Gli sbocchi politici della Nuova Questione Sarda – S’Imprenta, rassegna stampa dalla colonia

de Ivan Monni

Le hanno chiamate “aree idonee”, perché chiamarle “aree da sacrificare per produrre più energia possibile da qualsiasi fonte per favorire guadagni da parte del grosso capitale esterno” era brutto.

È necessario chiarire un equivoco: data la situazione, il NO al “compromesso con l’idea di aree idonee” non significa essere contrari alla transizione.
A prova di ciò, il post di Maurizio Onnis pubblicato su S’Indipendente esplicita chiaramente il rifiuto di compromessi al ribasso. Il sindaco di Villanovaforru ha dimostrato con i fatti di essere favorevole alla transizione dato che ha creato una delle prime comunità energetiche sarde ed italiane.

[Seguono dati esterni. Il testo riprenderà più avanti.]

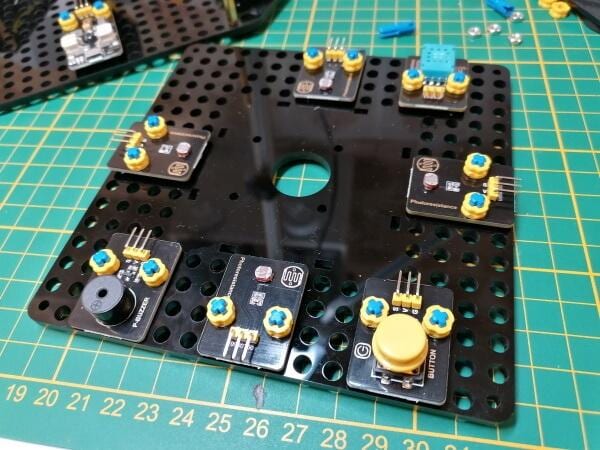 Kommen wir nun zum Aufbau des Kits. Auf der Seite https://ecksteinimg.de/Datasheet/Keyestudio/KS0530/KS0530.pdf findest du die farbig bebilderte Aufbauanleitung (ab Seite 37) in englischer Sprache. Wenn du die Sprache nicht beherrscht wirst du aber trotzdem mit dieser Anleitung zurechtkommen, denn die Bilder sind recht selbsterklärend.
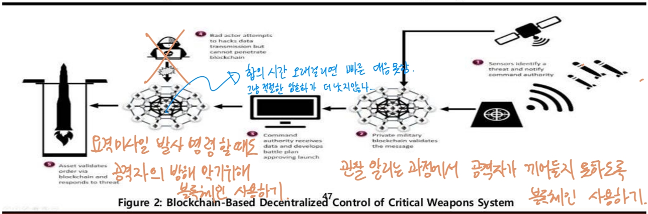 물류·무기 관리 또는 통신수단 보안을 위해 블록체인을 사용함.

Il governo italiano dichiara guerra alla Sardegna e impugna la “moratoria” (fatto ampiamente previsto), perché talune disposizioni eccedono dalle “competenze statutarie”.
In attesa che la Corte Costituzionale si esprima, Todde dichiara che “il lavoro della giunta non si ferma. La mappa delle aree idonee dovrà essere consegnata entro 180 giorni”.

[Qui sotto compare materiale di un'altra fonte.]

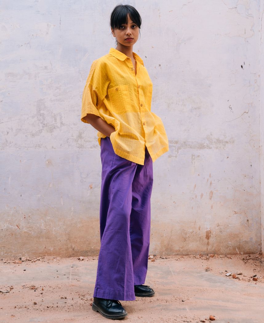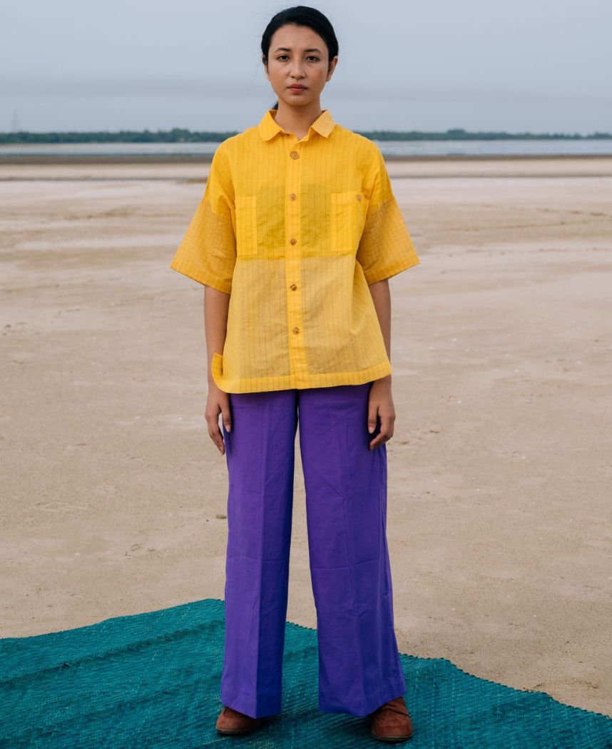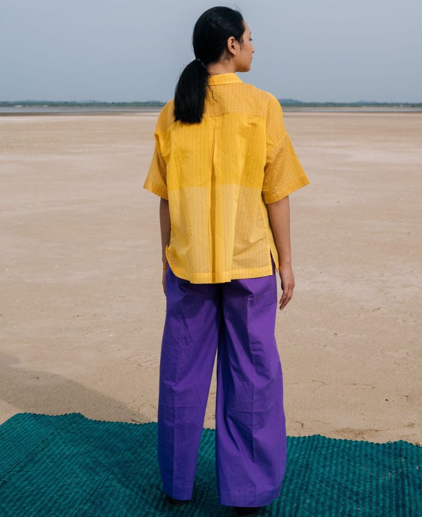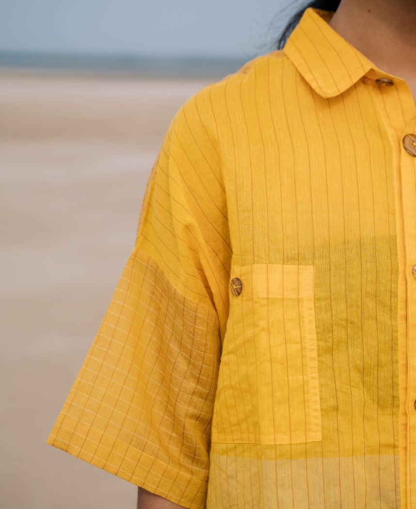 A striped boxy shirt featuring a classic collar, a front button placket and side slits. Length 26". The model is 5'6" and is wearing a size S.

Dimenticate la frase ripetuta tante volte “prima impariamo a usare l’autonomia.
Il governo italiano pone una pietra tombale su qualsiasi afflato autonomistico che, difendendo lo status quo istituzionale, comprime il nostro percorso di autodeterminazione.

Impugneranno qualsiasi legge antispeculazione che provenga dalla Sardegna, in base ad un “interesse statale” superiore?

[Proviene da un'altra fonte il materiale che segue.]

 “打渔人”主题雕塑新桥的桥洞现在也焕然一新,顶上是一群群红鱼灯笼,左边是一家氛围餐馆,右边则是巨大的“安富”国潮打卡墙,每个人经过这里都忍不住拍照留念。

Non solo. Il governo italico aggiunge delle semplificazioni all’iter procedurale per le rinnovabili: tre binari per accelerare gli iter, ma le imprese delle rinnovabili lamentano ancora troppi paletti: parafrasando Altan, si sa che fine fanno i paletti.

Infine, lo stato italiano procede spedito riguardo alle Terre Rare, nonostante il parere negativo della regione Sardegna.
Il 2 agosto la regione Sardegna aveva espresso parere negativo in sede di conferenza stato-regioni, per il “mancato accoglimento di una serie di emendamenti proposti dalla Regione, volti a rendere vincolante il parere delle Regioni nel procedimento autorizzativo e a rendere obbligatoria l’intesa delle stesse per l’approvazione del Piano Nazionale delle Materie prime critiche”.
Lo stato italiano tira dritto: Terre rare e miniere: il decreto diventa legge.

La Sardegna insorge e lo impugna davanti alla Consulta. Todde: “Violate le nostre prerogative”. Martedì Todde ha incontrato il ministro Urso.
Nei secoli per accapparrarsi le risorse erano necessarie delle guerre. Allo stato italiano basta un decreto legge per appropriarsi delle risorse sarde. Questa battaglia contro la prepotenze del governo italiano va sostenuta.

Un triplice attacco, che ignora la resistenza popolare e che cala come un rapace con intento predatorio, con chiaro obiettivo di umiliare tutti i sardi proprio mentre si stanno ribellando: è una prova muscolare tra sardi e stato italiano.

La raccolta firme della legge Pratobello procede spedita, ma è necessario spingere al massimo la proposta con più firme possibili, per evitare che l’aula regionale la riponga nel cassetto del dimenticatoio.

È possibile che, ancora una volta, venga impugnata e cassata dagli organi statali, ma a quel punto, i sardi qualche domanda dovranno porsela sui rapporti con lo stato italico. Anche per questo motivo è necessario che la proposta raggiunga un buon numero di firme.

La transizione non può essere ridotta solo ad una questione tecnica tra ingegneri e climatologi. Esiste prima di tutto una questione politica, che va governata con strumenti politici. Ammettere l’esistenza di una questione coloniale e redistributiva, in questa transizione, è necessario per poterla riscrivere.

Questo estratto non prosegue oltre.